Appropriations Update
Fiscal year 2004 begins on October 1, 2003. Because Congress is not on track to complete work on the annual appropriations bills by the start of the new fiscal year, a continuing resolution will be necessary once again.
In fact, a continuing resolution which will keep the government running through October 31 (H.J.Res. 69) has already been approved by both the House and the Senate. The bill is already on its way to the President, and it is expected to be signed.
To date, Congress has not completed its work on the Agriculture or VA-HUD bills. Therefore, HUD and RHS programs will once again almost certainly be operating under a continuing resolution after next Tuesday.
FHA Commitments
Help may soon be on the way for FHA multifamily mortgage commitments.
As NAHMA previously reported, the FHA froze new multifamily commitments because they exhausted their budget authority. FHA Commissioner John Weicher issued a public notice which stated, “The Department has determined that the FHA Commitment Authority for Title II mortgages for the General Insurance / Special Risk Insurance Funds may be exhausted prior to the end of the fiscal year.” The notice announced a moratorium on issuing New Firm Commitments, reopening expired Firm Commitments, and amending outstanding Firm Commitments to increase the mortgage amount. Further, the public was informed the suspension of Multifamily Commitments would be in effect “from September 16, 2003 until the enactment of supplemental Commitment Authority in FY 2003 or new Commitment Authority for FY 2004.

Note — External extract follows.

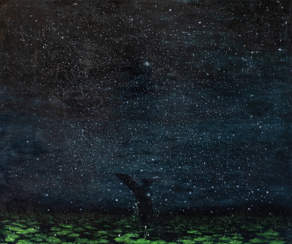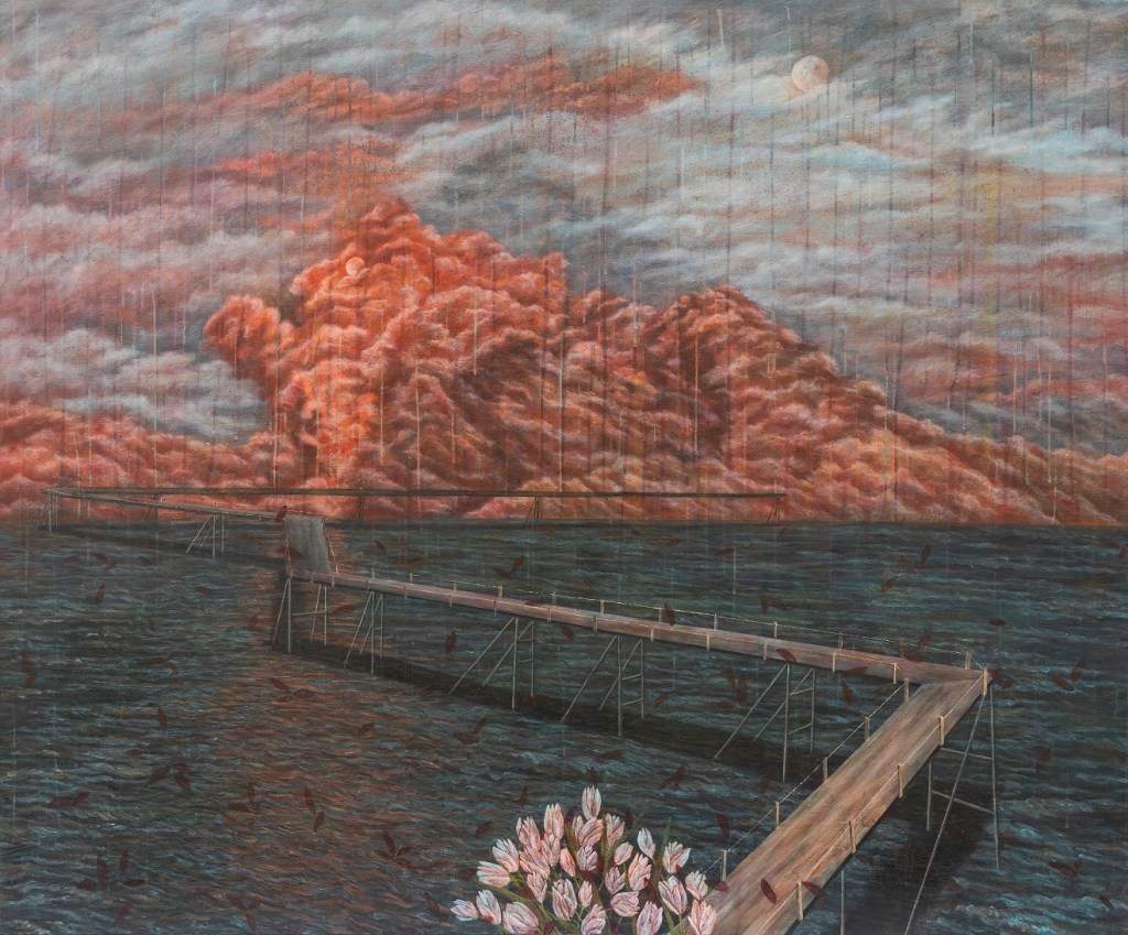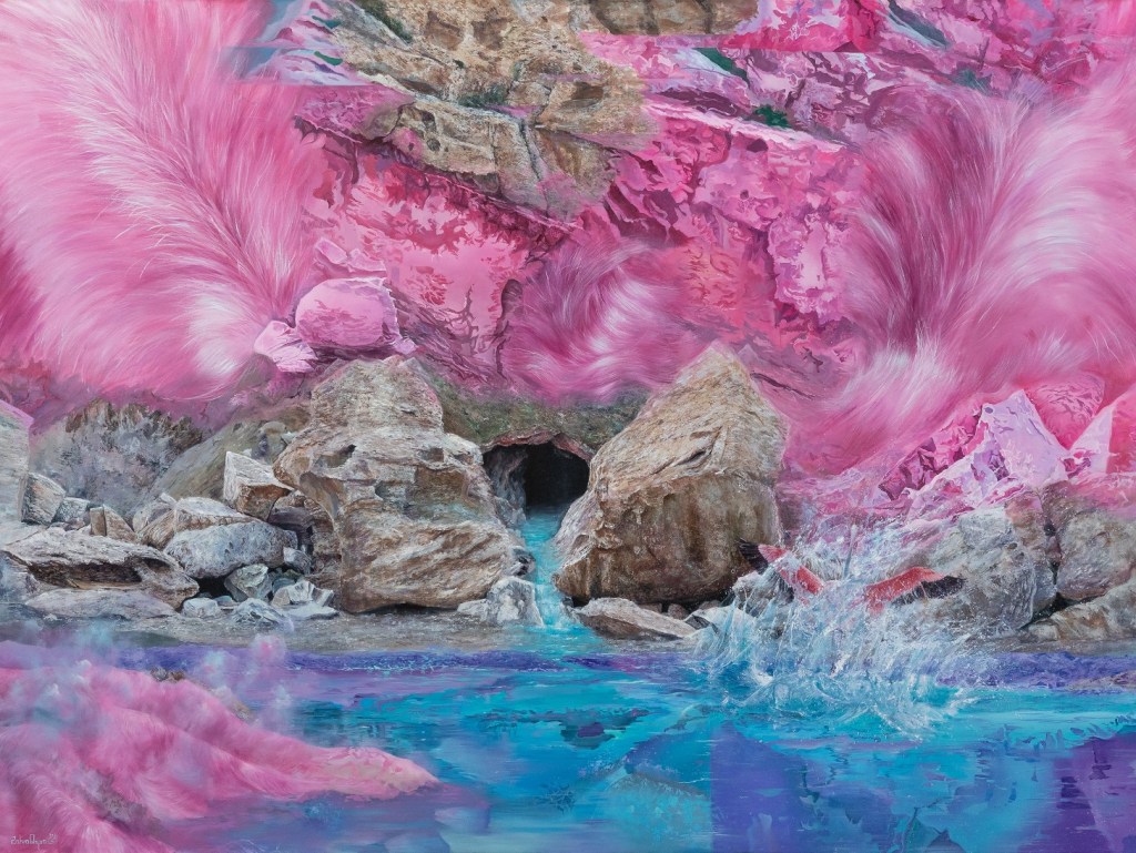The illusive and deceptive notion of water is always present in Mahsa Nouri’s works. Here, in her “Immerged in Daydreaming” series, she creates a peculiar, polychromatic world. Mahsa seems to have taken this world out of her dreams so that purification from the evils of the real world is made possible.

Recently approved appropriations bills provide budget authority for new multifamily mortgage commitments through the remainder of FY 2003 and into early 2004. The FY 2004 Legislative Branch Appropriations bill includes $2 billion in authority for FHA to insure mortgages through the end of this fiscal year, which ends on September 30. The Continuing Resolution includes $3.8 billion which would be available October 1 (the start of FY 2004). The Mortgage Bankers Association of America (MBAA) noted that the CR including more money for FHA commitments in the CR than would normally be allowed. According to the MBAA,
“The CR includes an exception to the normal CR rate rules to give FHA access to more commitment authority than they normally would receive during the time of the CR ($3.8 billion instead of $1.8 billion. This was done to ensure that any loans that could not be processed by September 30 could be accommodated in fiscal year 2004. This should allow FHA multifamily programs to operate without risk of another shutdown early in the fiscal year.”
Both bills have been approved by Congress and are on their way to the President.
NAHMA Public Policy Positions
The NAHMA Board of Directors concurred with the Executive Members’ recommendations on two recently considered bills. The Board voted to “Strongly Support” HR 1985, the FHA Multifamily Loan Limit Adjustment Act, which increases the maximum mortgage amount limit for FHA-insured multifamily housing located in high cost areas from 110 percent above the base loan limits to 170 percent above the base loan limits. Likewise, the Board also agreed with the Executive Members’ recommendation to “Support” HR 1030, the HUD Programs Information Verification Act, which requires matching of employment and income information of certain HUD-assisted housing program participants with the National Directory of New Hires. NAHMA’s positions and information about these bills are posted to the public Legislative News section of our website.
Thank you to all Executive Members who voted on these bills.